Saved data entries
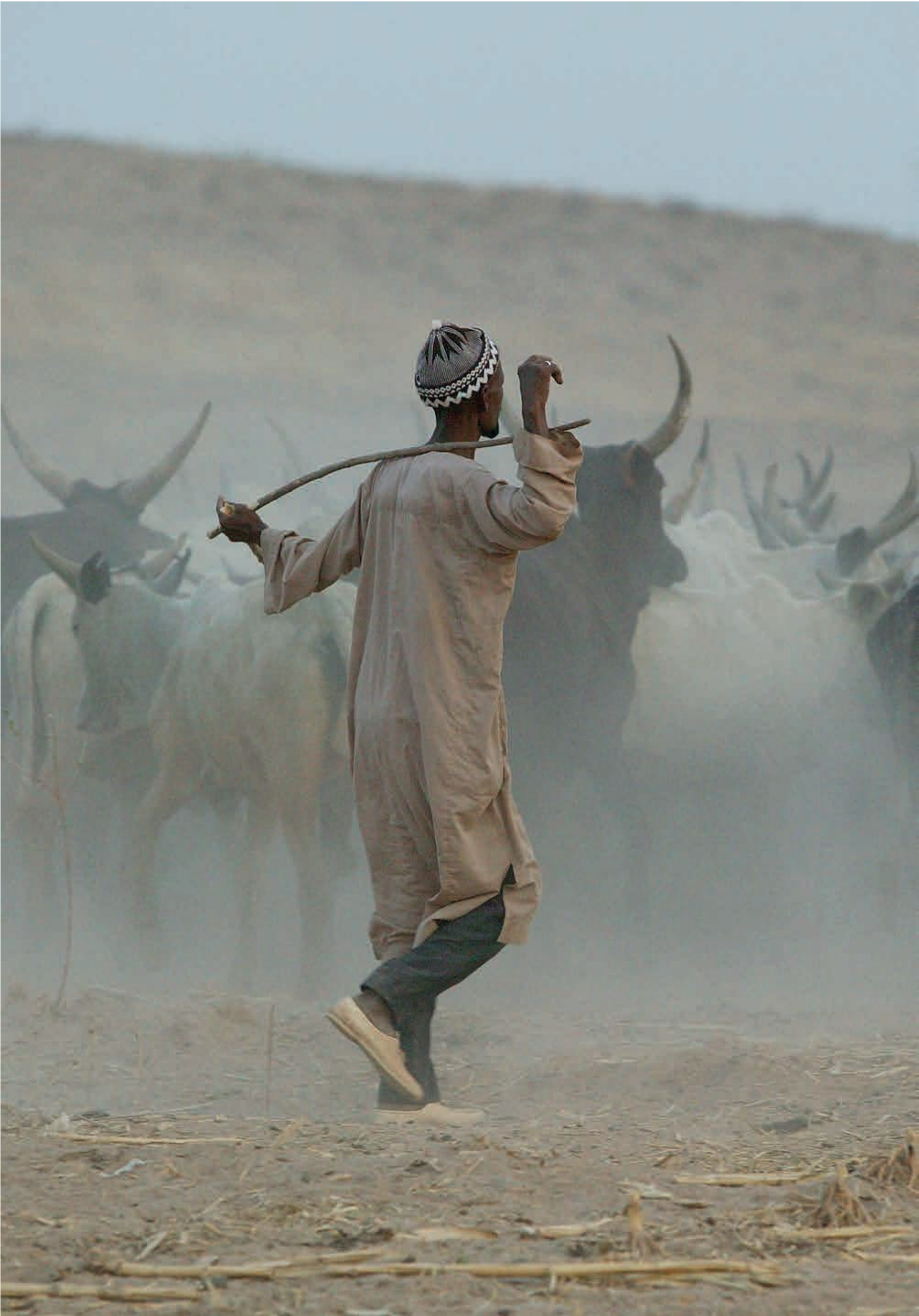
Kamerun: Hirten treiben Zeburinder in den Pferch | Cameroon: Shepherds driving zebus into their pen | Cameroun: Les bergers conduisent zébus dans le corral

Der Himmel ist der Himmel des HERRN; aber die Erde hat er den Menschenkindern gegeben. Ps 115,16
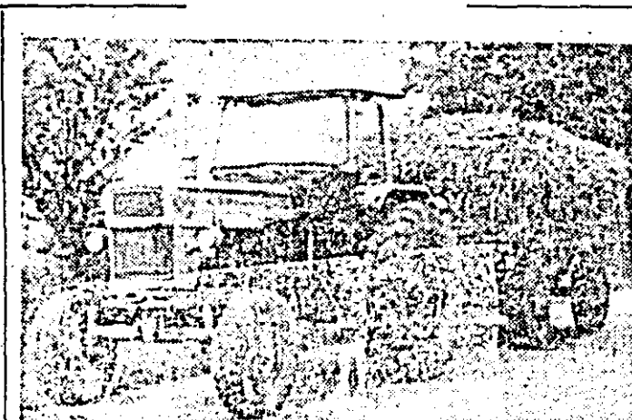
Doi tractoare aparținînd secției de mecanizare Vinga conduse de tractoristii Valeriu Cucuț și Petru Nagy transportă mazăre verde de la fermele I.P.I.F. „Relaxarea”. Așa cum se vede și din fotografie unul din tractoare avea o singură remorcă în loc de două și aceasta încărcată sub capacitate (circa 1,5 tone). În plus, remorcile sînt lipsite total de sistemele de semnalizare periclitînd siguranța circulației pe drumurile publice. Ce părere are șeful secției de mecanizare Ioan Letanov? M. CANCIU
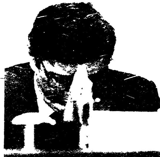
Un mese e Scotti lascia il governo pensando alla segreteria dc

Senza amici al Quirinale, Craxi deve rinunciare a Palazzo Chigi. Riesce però a piazzare Amato. Per un po' si parla di nuove alleanze... rinnovamento» si risolve con la nomina di Ronchey
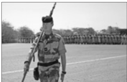
Un soldato francese impegnato in una missione all'estero

PARIGI, 30. La Francia prepara nuovi tagli alla Difesa, in particolare, agli effettivi dell'esercito: circa 20.000 soldati in meno tra il 2015 e il 2019. Lo rivelano diversi media francesi, citando fonti vicine al Governo di Parigi. I tagli, suggeriti nel nuovo Libro bianco della Difesa, presentato ieri al presidente, François Hollande, sono in linea con quelli decisi dall'Esecutivo precedente, che aveva programmato il taglio di 24.000 posti tra il 2008 e il 2015. Resta ancora da stabilire l'articolazione delle riduzioni di effettivi tra i diversi corpi d'armata, che sarà decisa in autunno, nella Legge di programmazione militare quinquennale (2014-2019).

§ **EXERCISE DIRECTIONS**
Copy each line of the entries that includes the word "circa".

§ **EXERCISE RESPONSE**
Doi tractoare aparținînd secției de mecanizare Vinga conduse de tractoristii Valeriu Cucuț și Petru Nagy transportă mazăre verde de la fermele I.P.I.F. „Relaxarea”. Așa cum se vede și din fotografie unul din tractoare avea o singură remorcă în loc de două și aceasta încărcată sub capacitate (circa 1,5 tone). În plus, remorcile sînt lipsite total de sistemele de semnalizare periclitînd siguranța circulației pe drumurile publice. Ce părere are șeful secției de mecanizare Ioan Letanov? M. CANCIU
PARIGI, 30. La Francia prepara nuovi tagli alla Difesa, in particolare, agli effettivi dell'esercito: circa 20.000 soldati in meno tra il 2015 e il 2019. Lo rivelano diversi media francesi, citando fonti vicine al Governo di Parigi. I tagli, suggeriti nel nuovo Libro bianco della Difesa, presentato ieri al presidente, François Hollande, sono in linea con quelli decisi dall'Esecutivo precedente, che aveva programmato il taglio di 24.000 posti tra il 2008 e il 2015. Resta ancora da stabilire l'articolazione delle riduzioni di effettivi tra i diversi corpi d'armata, che sarà decisa in autunno, nella Legge di programmazione militare quinquennale (2014-2019).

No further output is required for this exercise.